In conventional operation, a DCI transmission schedules transmissions for a single component carrier (CC) or multiple CCs. When scheduling transmissions for multiple CCs, each parameter is signalled individually per CC (referred to as individual-CC scheduling by an individual-CC scheduling parameter). This may increase DCI length and singling overhead.

In the implementations described herein, for a DCI transmission scheduling multiple CCs, a parameter (e.g., a multi-CC scheduling parameter) can be included/signalled for one or more parameters for two or more CCs. The multi-CC scheduling parameter has candidate values (e.g., codepoints) that are mapped to a set of values of individual-CC scheduling parameters for different CCs. To illustrate, the multi-CC scheduling parameter can be a multi-CC TCI codepoint.
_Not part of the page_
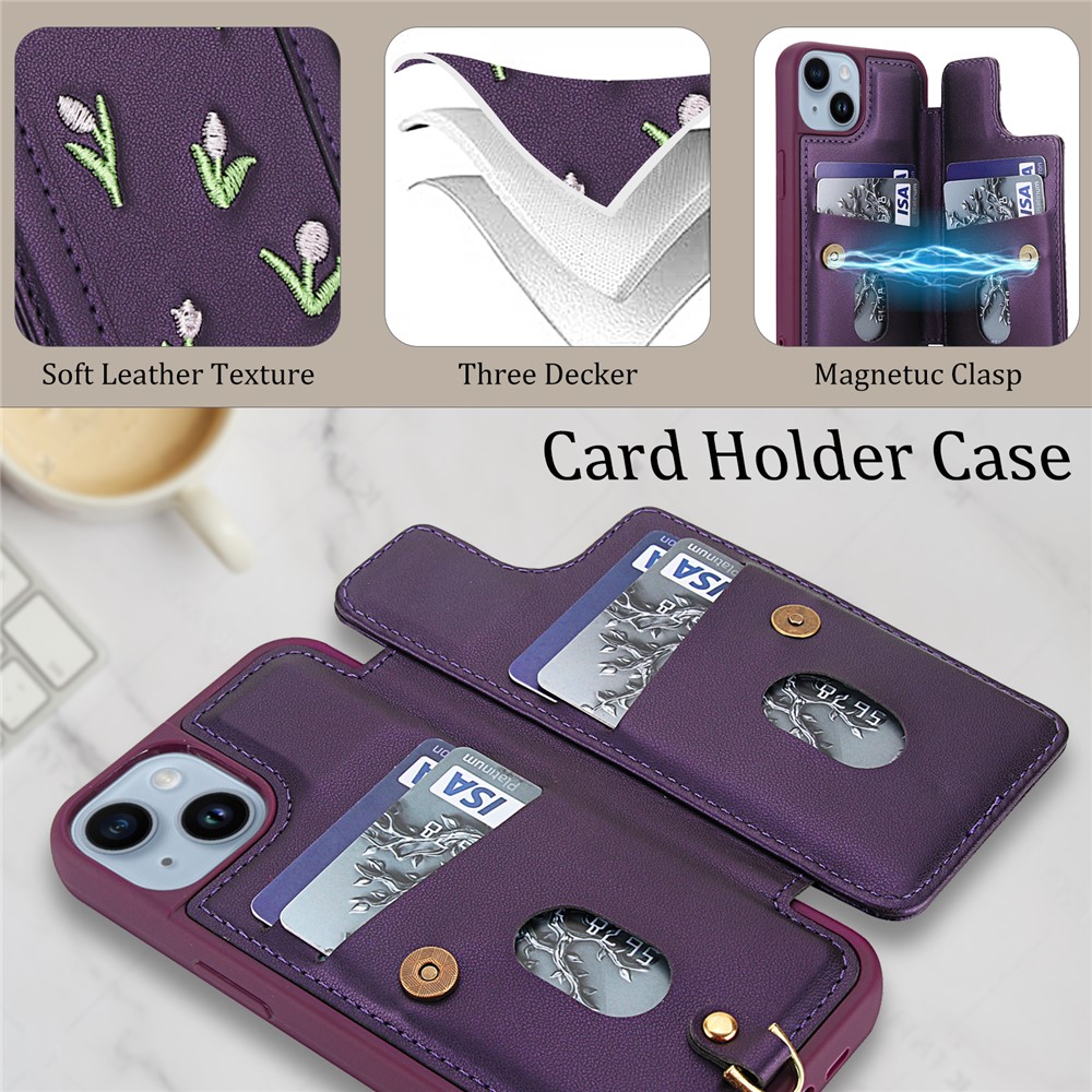 - Multifunctional Card Holder The back flap opens to reveal multiple card slots, secured with magnetic clasps, allowing you to carry your ID and credit cards securely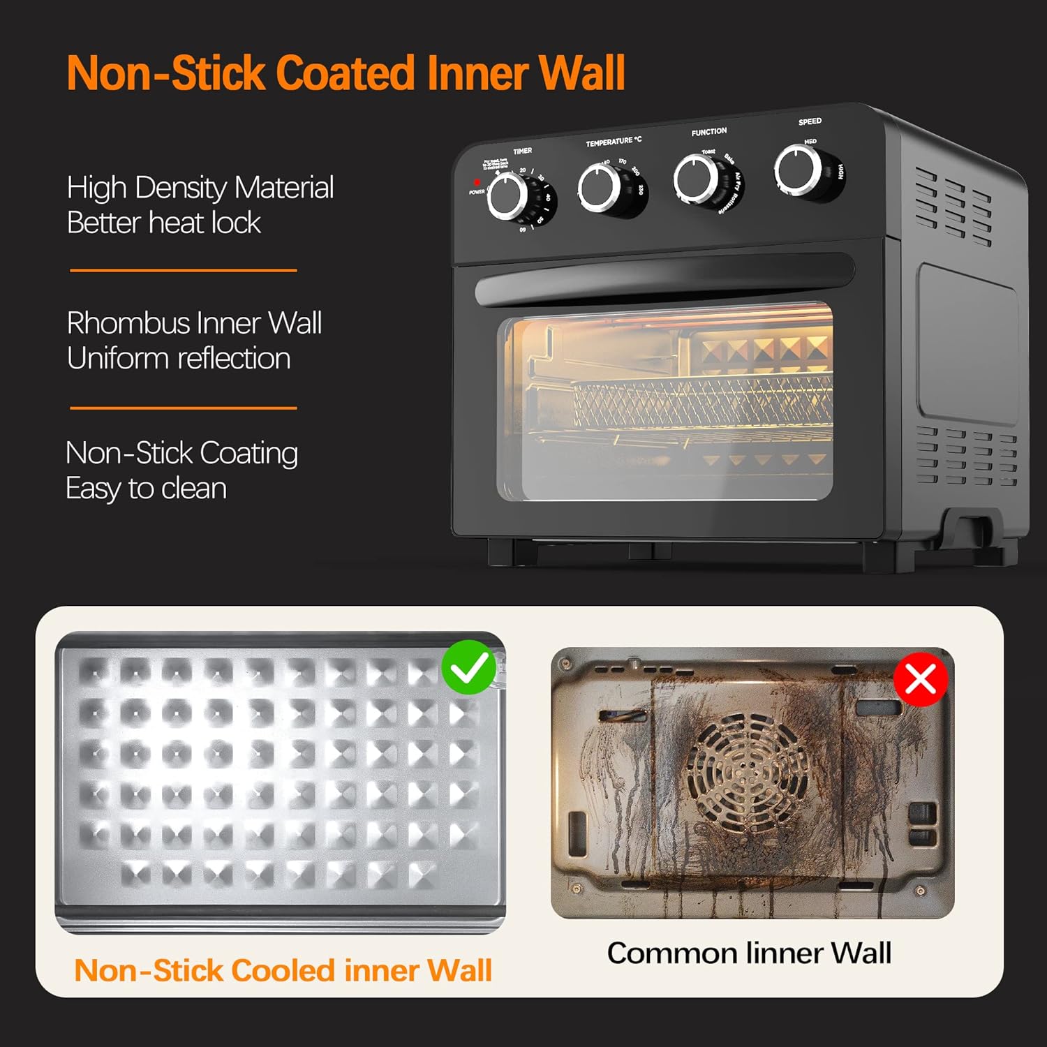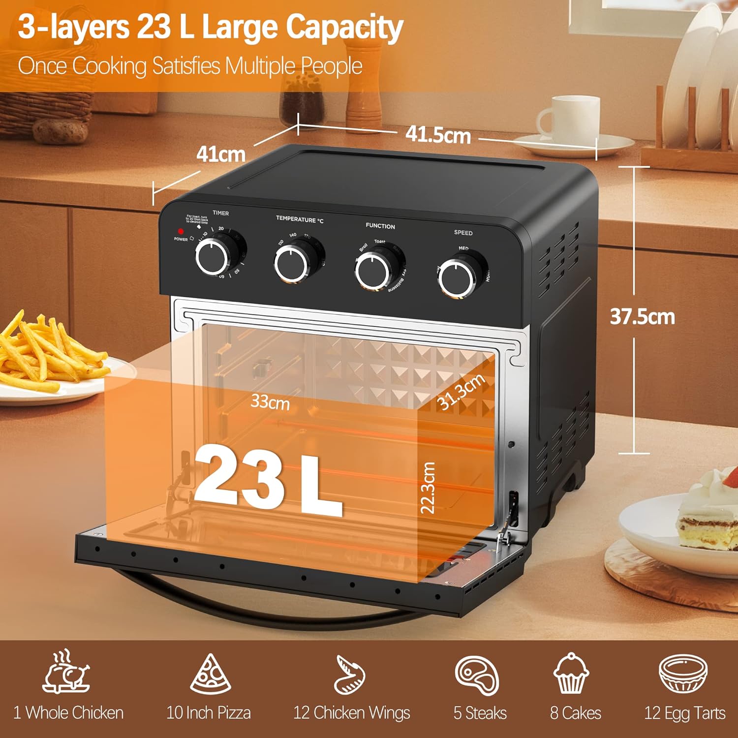 【23L Large Family Size】Built-in three-layer 23L large capacity, cooking can be done at one time, saving kitchen space. It can hold 4-6 people sized chips, 18 chicken wings, a 10-inch pizza, 1.5kg of French fries, and 12 pieces of toast. High-grade Stainless steel exterior, aluminized diamond-shaped inner liner, stylish and beautiful, evenly heated, and easy to use and clean.

Instead of signaling individual-CC TCI codepoints, a single multi-CC TCI codepoint can be signalled with each candidate value mapped to multiple individual-CC TCI ID values on respective CCs.

In some implementations, multi-CC TCI codepoints can be used for DL beam indication for downlink transmission, such as PDCCH, CSI-RS, and/or PDSCH. In addition or in the alternative, multi-CC spatial relation information, multi-CC UL TCI codepoints, or both, can be used for UL beam indication for uplink transmission, such as PUCCH, PUSCH, SRS, and/or PRACH.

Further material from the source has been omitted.